Agrifood

 

  • Agricultural commodities should eventually report a slight pick-up after bottoming out in 2016 
  • Recovering would enable agrifood companies to improve operating surplus by +2% on average in 2017 after -2.5% in 2016
  • Series of deregulation policies to support trade continues with the termination of production and export quotas of sugar in the European Union

 

 

Recovering prices should be a boon to margins

 

Food prices have stopped plunging in 2016 with a contained -1.5% drawback of the FAO Food index. This is the lowest decrease in five consecutive years. The sharp improvement of Sugar (+34%) and Vegetal Oils (+11%) are the two drivers for this limited drop.

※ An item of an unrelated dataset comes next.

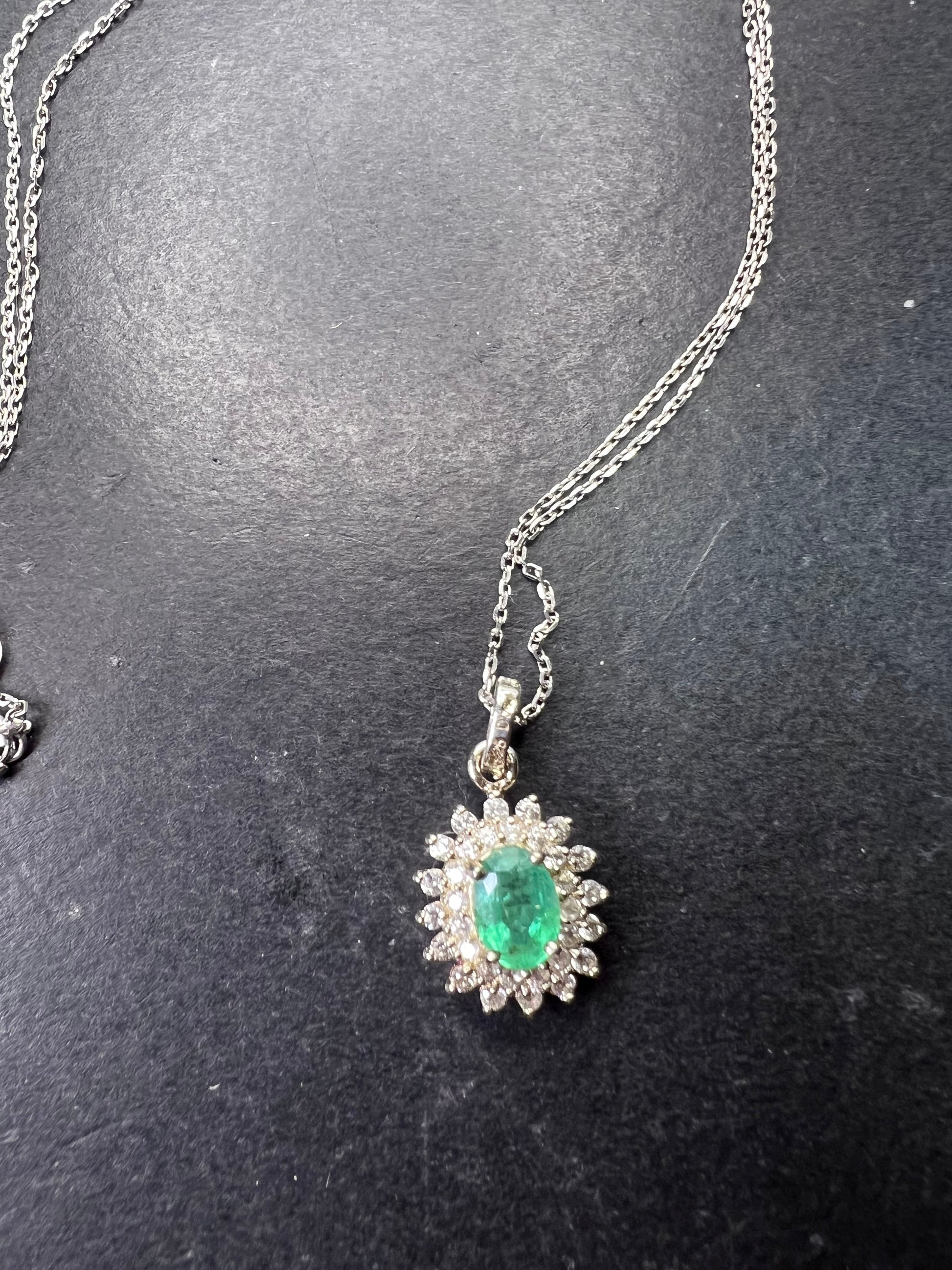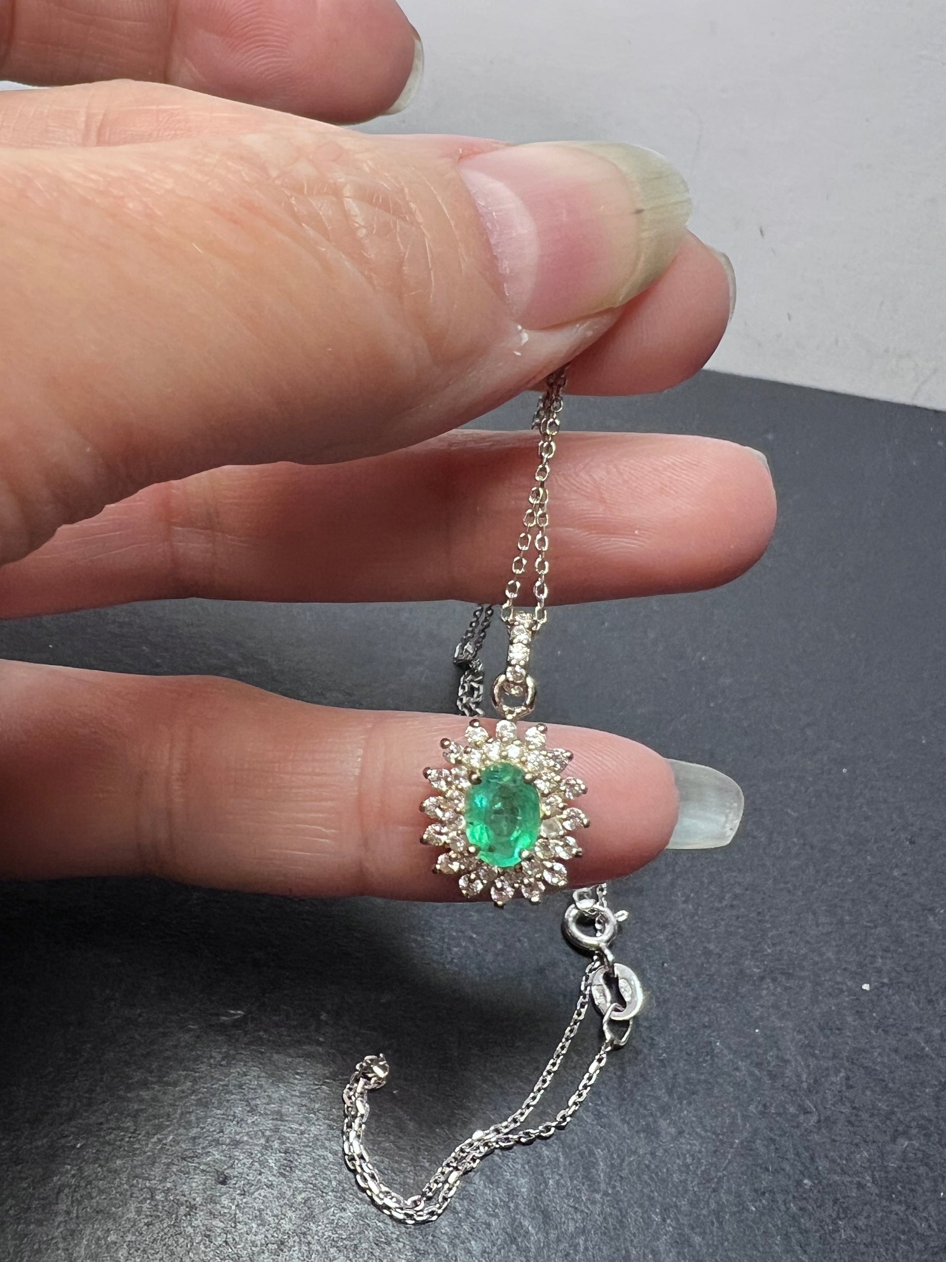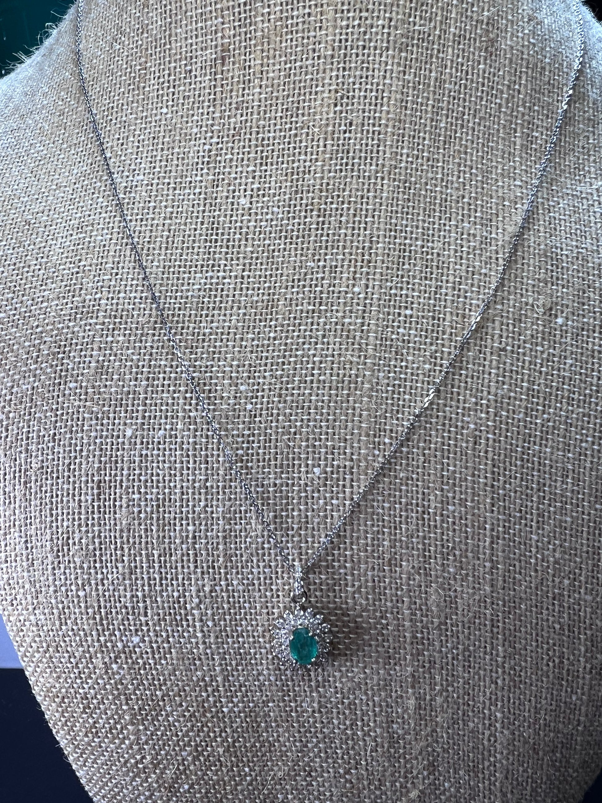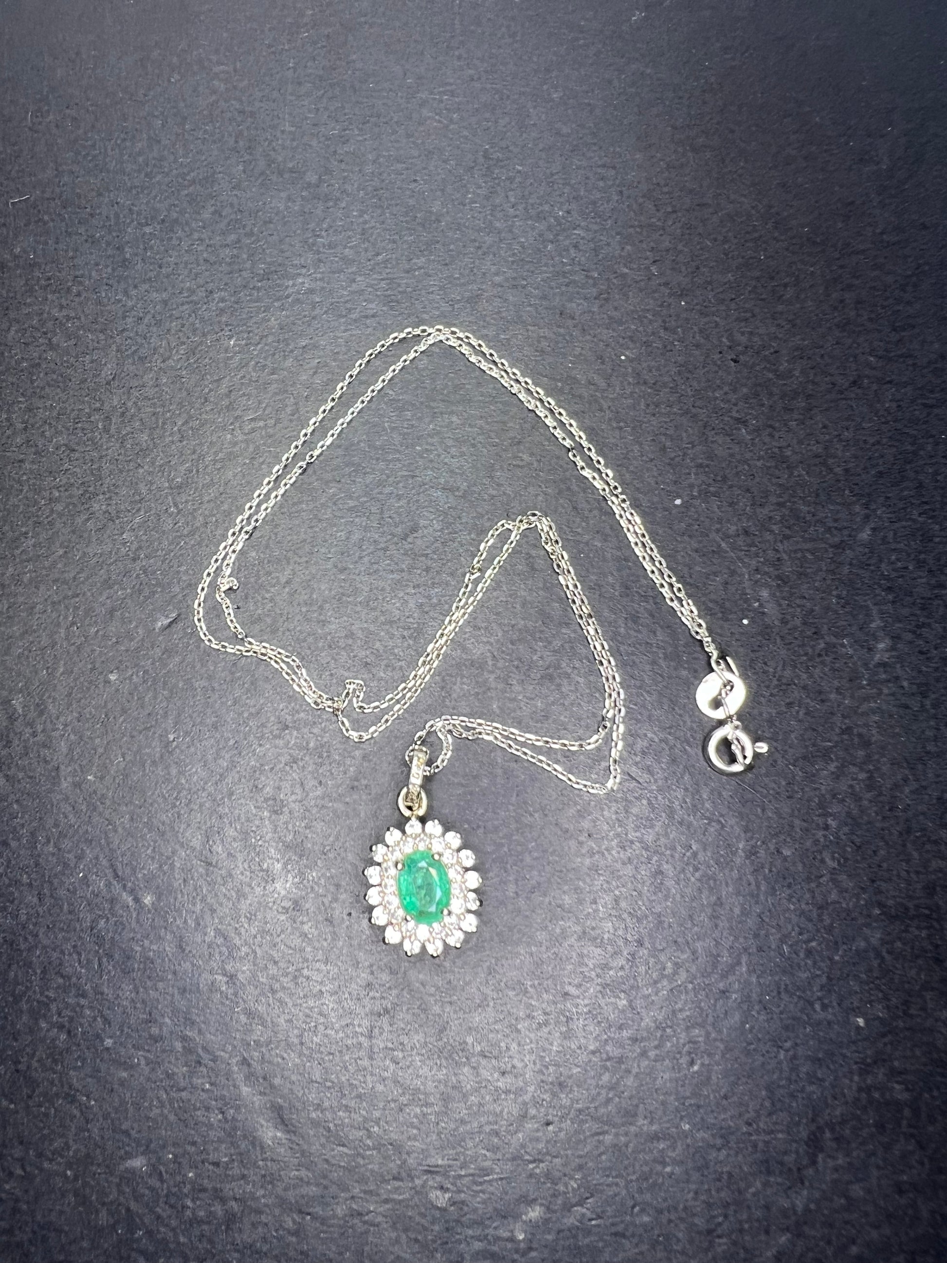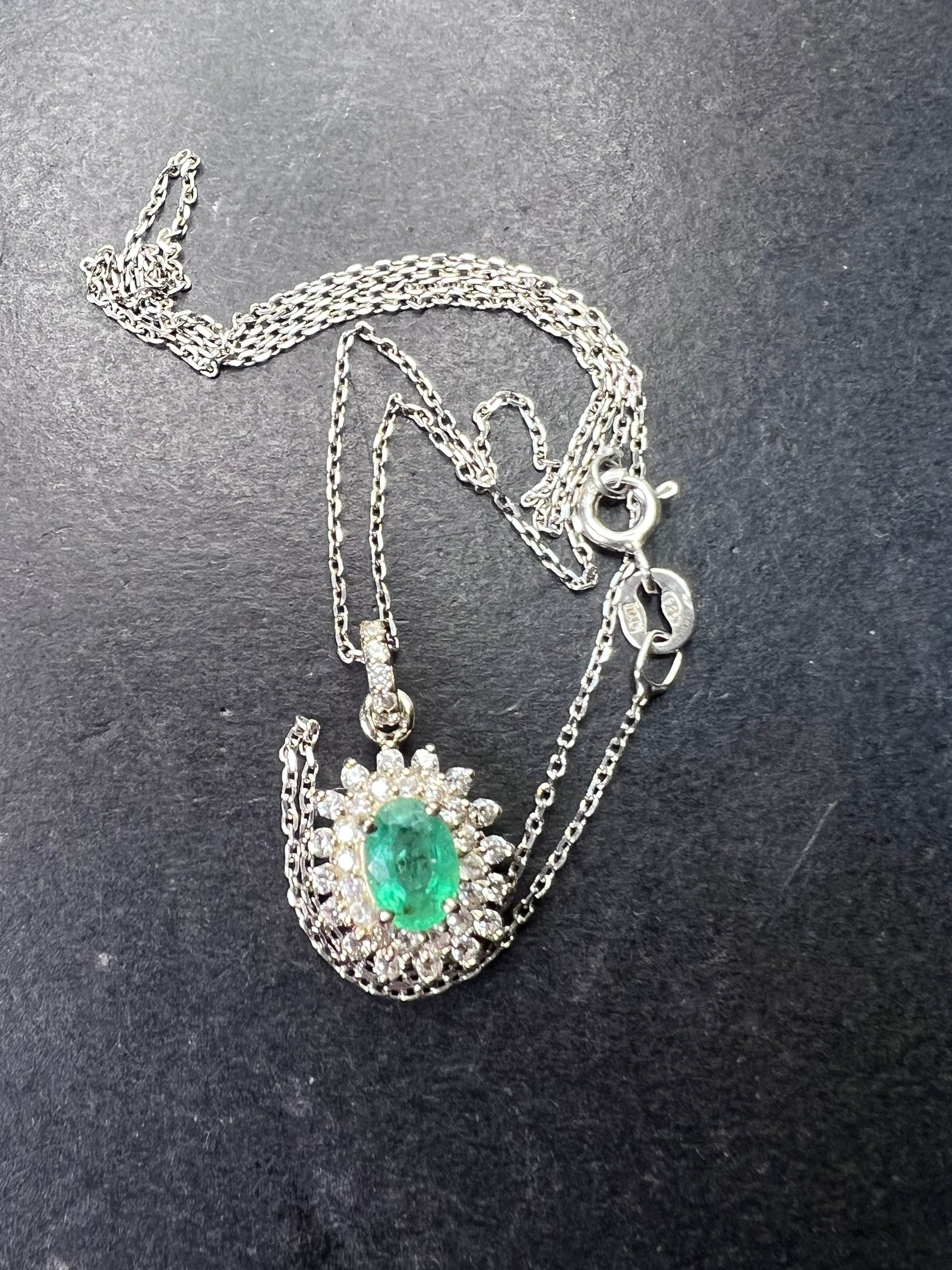 AAA Zambian emerald stone in the center surrounded by white zircon accents around the halo and bale. This is platinum plated over sterling silver. Chain measures 18 inches. Emerald stone has been treated for color. Estimated retail value is over $1,500. This information came from the website the original owner purchased it from. The AAA rating on this emerald comes directly from the website it was originally purchased from, not my own rating or opinion.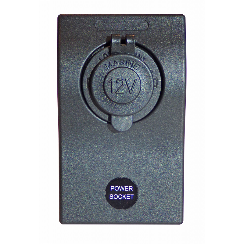 Pannello in plastica con presa accendisigari con cappuccio di protezione. Fissaggio con 4 viti anteriori nascoste da una placca di rifinitura. Magnetotermico di protezione da 15A Max. Profondità presa accendisigari mm 32. Dimensioni pannello mm. 60x100

Total agrifood nominal output hence steadied at -0.6% to USD12.1tn in 2016 while exports decreased by -3% to USD1.3tn, after a -10% decrease in 2015, reflecting the lack of stamina of demand. 

 

Yet we expect an upswing of exports of +3.5% to USD1.4tn in 2017, thanks to the slightly higher global GDP growth (+2.8% vs. +2.5%) and continued deregulations in the sector. The most remarkable one, scheduled in September 2017, is the termination of the sugar production and exports quotas in the European Union.  

 

The Agrifood sector indeed ranks among the three most regulated sectors for trade as it gathers 19% of total trade barriers. But this trend is reversing: we noted that the number of trade barriers issued in 2016 is a third lower than in 2015.  

 

This should eventually help companies’ operating surplus to recover as we forecast a +2% increase in 2017.